Monday, December 14, 2015

Python 3 check using type([1.0 for i in [1]][0]) is type([1 for i in [1]][0])

Yesterday I've stumbled on a very interesting tweet: "guess why: (by arigo) so a way to know "are we on python 3" is: type([1.0 for i in [1]][0]) is type([1 for i in [1]][0])". Original link is https://twitter.com/fijall/status/675651525000175616

In Python 3 the result is:
>>> type([1.0 for i in [1]][0]) is type([1 for i in [1]][0])
>>> True
but in Python 2:
>>> type([1.0 for i in [1]][0]) is type([1 for i in [1]][0])
>>> False
It is interesting that items' types in Python 3 are both float:
>>> type([1.0 for i in [1]][0]), type([1 for i in [1]][0])
>>> (<class 'float'>, <class 'float'>)
but in Python 2 they are different:
>>> type([1.0 for i in [1]][0]), type([1 for i in [1]][0])
>>> (<type 'float'>, <type 'int'>)
The first part of a secret is that in Python 3 list comprehensions have their own scope, but in Python 2 they haven't. Guido van Rossum wrote about this "dirty little secret" here.
In Python 3 for list comprehensions a special code object listcomp was created.

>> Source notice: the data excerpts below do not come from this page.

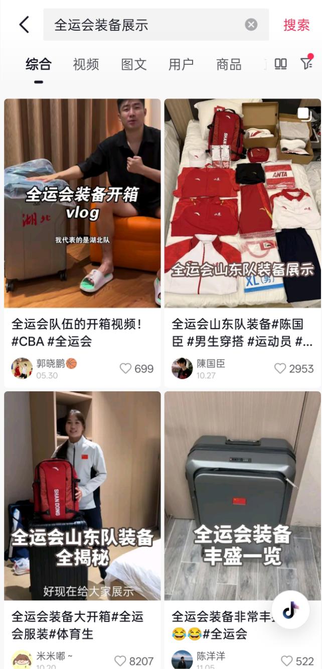 然而,如果还停留在仅从开幕式或后续赛场上品牌logo的露出而评判本届全运会的营销战果,无疑错过了最精彩的部分。本届赛会一个重要转变在于,装备赞助的传播主场,已从传统的电视转播镜头,大规模迁移至抖音、小红书等社交平台。如果你关注过各省运动员的社交账号,或许会在近期频繁刷到“全运会装备展示”的开箱视频。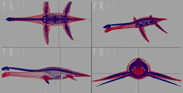 We created the first version of the model to determine proportions and a body shape. After several discussions with Hilary, some improvements were made and the ‘primal model’ of the long-necked plesiosaur was ready for the final touches – adding details, mapping, and textures. We could then move on to create the other 3D models.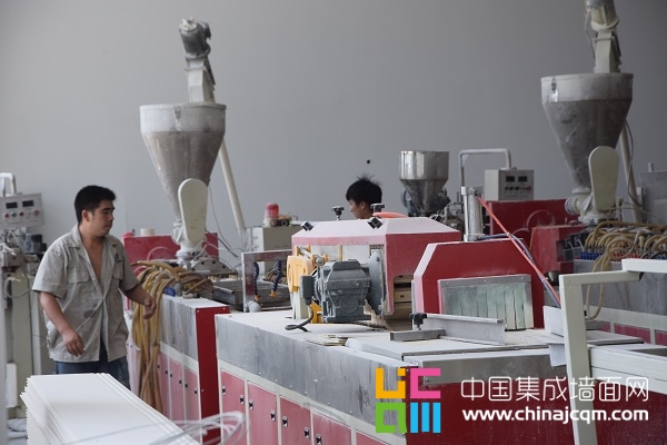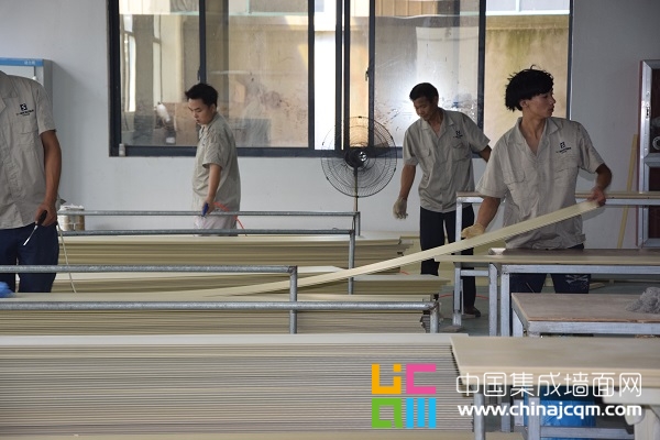 在三一陽光營(yíng)銷總監(jiān)萇總的陪同下,我們首先來到了生產(chǎn)車間,映入眼簾的是車間整齊劃一層層堆疊的板材與竹木纖維集成墻面的原材料。在萇總的引導(dǎo)下,我們看到車間多條正在生產(chǎn)的大規(guī)模擠出線,操作工人們正在不停忙碌奔波。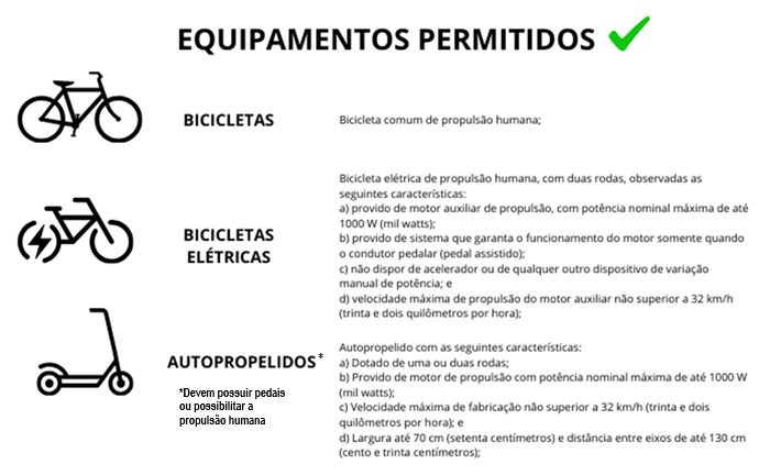 Para fins de conhecimento, apresentamos abaixo os equipamentos que possuem permissão de acesso à Ciclovia, levando-se em conta as características da via: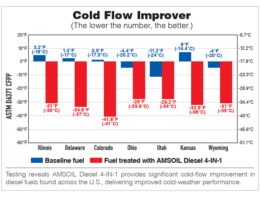 Injector Clean, the excellent cold-flow and anti-gelling properties of AMSOIL Diesel Cold Flow and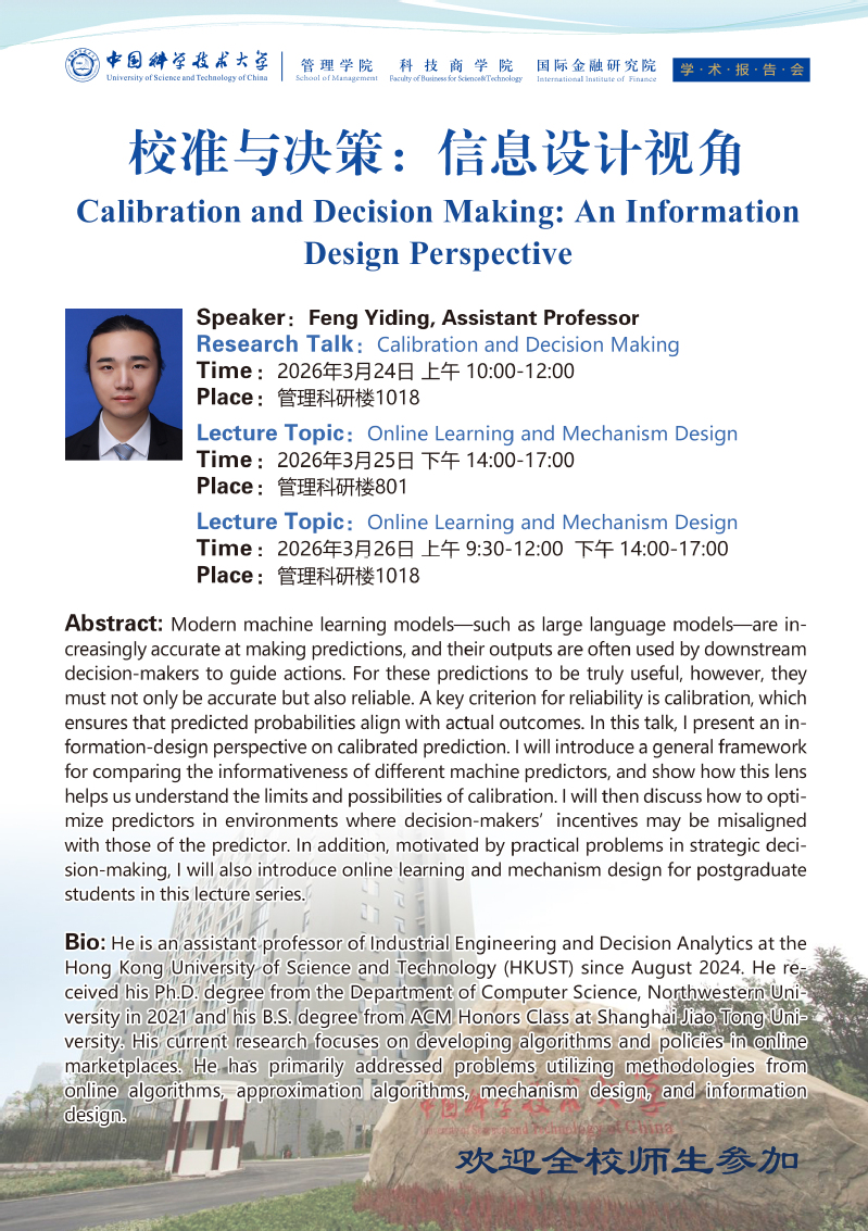 报告人:Feng Yiding,Assistant Professor时间:2026年3月24日上午10:00;2026年3月25日下午14:00;2026年3月26日上午9:30,下午14:00地点:管理科研楼1018

And the second part of a secret is that both listcomp code objects from this example are located at the same address, because declared on the one line in code.
Here is a bytecode (I've used dis module to get is):
...
 6 LOAD_CONST       1 (<code object <listcomp> at 0x7fd91d983270, file "main.py", line 3>)
...
35 LOAD_CONST       1 (<code object <listcomp> at 0x7fd91d983270, file "main.py", line 3>)
...
List comprehensions [1.0 for i in [1]] and [1 for i in [1]] are on one line have the same address (address of the first listcomp code object), because their listcomp code objects are the same.
Update: As Rhomboid correctly noticed in the discussion on reddit, constants for current code object are stored in dictionary (although displayed as tuple) and the same code object constants are folded.
As hash values for [1.0 for i in [1]][0] and [1 for i in [1]][0] are the same, when addition to the dict is performed - items' values are compared using code_richcompare methods (in this way python dict resolves collisions).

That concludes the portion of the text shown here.